AgentLite Is A Lightweight Framework for Building AI Agents | by Cobus Greyling | Sep, 2024


The study also states that LangChain is a popular library for developing applications with large language models (LLMs), offering built-in tools to create various agent types.

But says it tends to be overly complex for researchers who want to design new types of agent reasoning and architectures. Modifying LangChain for specific research needs can be difficult due to the high overhead in agent creation.

While Autogen has succeeded in building LLM agents, its agent interfaces have fixed reasoning types, making it hard to adapt for other research tasks. Additionally, its architecture is limited to multi-agent conversation and code execution, which may not fit all new scenarios or benchmarks.
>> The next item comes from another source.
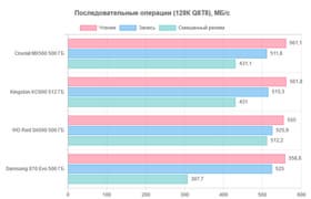 18 дек 2023 19:30 91 Твердотельный накопитель Samsung 870 Evo емкостью 500 ГБ: последний выживший на рынке условно топовый SATA SSD В PCMark 10 Storage Full System Drive поставлен рекорд — рискующий стать уже абсолютным, поскольку вряд ли кто-то из производителей выпустит более быстрый SATA-накопитель, а существовавшие конкуренты давно перешли в категорию исчезнувших. Правда, на основании знаний об особенностях внутреннего устройства были предположения, что Samsung 870 Evo будет безоговорочным лидером вообще везде, где это возможно, и окажется на равных со всеми остальными, когда обогнать их невозможно. Может быть, подобное и получилось бы при тестировании SSD более высокой емкости. Но мы для этой серии тестов избрали объем 500 ГБ, а в таком объеме слишком уж хорошо выглядят последние версии Kingston KC600 и Crucial MX500, появившиеся немногим позже, чем Samsung 870 Evo (176-слойная TLC-память у Micron получилась очень удачной и недорогой).
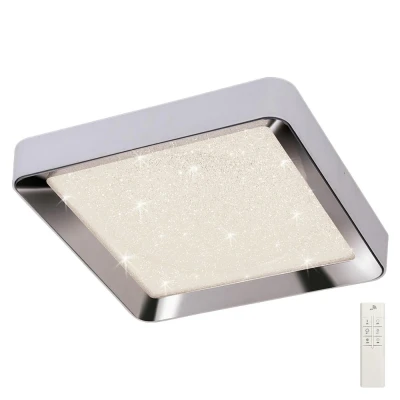 Fusion Flush Ceiling Light 65cm Square 40W LED 3000 6500K Tuneable, 3200lm, Remote Control Chrome, Acrylic

Below is a recorded demonstration of the AgentLite User Interface…

Source

In AgentLite, the Individual Agent serves as the foundational agent class, built on four core modules:

  1. PromptGen,
  2. Actions,
  3. LLM, and
  4. Memory

PromptGen

PromptGen is responsible for constructing the prompts that the agent sends to the LLM to generate actions.

These prompts are made up of several components, such as the agent’s role description, instructions, constraints, actions, and relevant examples.

AgentLite includes default methods to combine these elements but also provides flexibility for developers to create custom prompts for specific tasks.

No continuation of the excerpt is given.